The Asian Champions League is at the regional zonal finals stage, which means that Middle Eastern football will soon find a representative to tale on the East Asian champions in the final.

This year, the zonal final is between two massive clubs, each loaded with stars and carrying huge fan bases - Qatar's Al-Sadd and Iran's Persepolis.

The first leg was played this week at the Jassim bin Hammad Stadium in Doha, and the outcome was a definite surprise.

Despite fielding ex-Barcelona legend Xavi Hernandez, ex-Atletico Madrid captain Gabi and one of the best scorers in the world at the moment, Algeria's Baghdad Bounedjah, Al-Sadd on their home turf could not find a way to beat Persepolis.

Branko Ivankovic's boys from Iran produced an epic defensive display away from home, coping with every attack from the Qatari all-star team, and at just the right moment, they knew when to sting.

In the 86th minute, Ali Alipour started a run from deep inside his own half, taking Al-Sadd's defenders with him, but was fouled by Saad al-Sheeb, Al-Sadd's goalie.

Alipour took the penalty himself, converting it, and giving the visitors a 1-0 advantage.
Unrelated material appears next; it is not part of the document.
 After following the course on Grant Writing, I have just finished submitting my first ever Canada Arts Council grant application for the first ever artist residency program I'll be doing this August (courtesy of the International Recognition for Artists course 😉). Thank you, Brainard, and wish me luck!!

A full eight minutes of stoppage time could not change the score - Al-Sadd 0, Persepolis 1.

For the second leg, Al-Sadd will go to Tehran to play the Iranian champions in front of an estimated 100,000 passionate fans. Persepolis is one step away from their first ever Asian Champions League final, so the atmosphere at the Azadi stadium will be electrifying to say the least.  

The Asian Sevilla

The Spanish club Sevilla won fame for winning the Europa League, Europe's second-string club tournament, five times in the past decade. While the Spaniards became probably the most important power in medium-level European football, over in Iraq there is a club following in their footsteps.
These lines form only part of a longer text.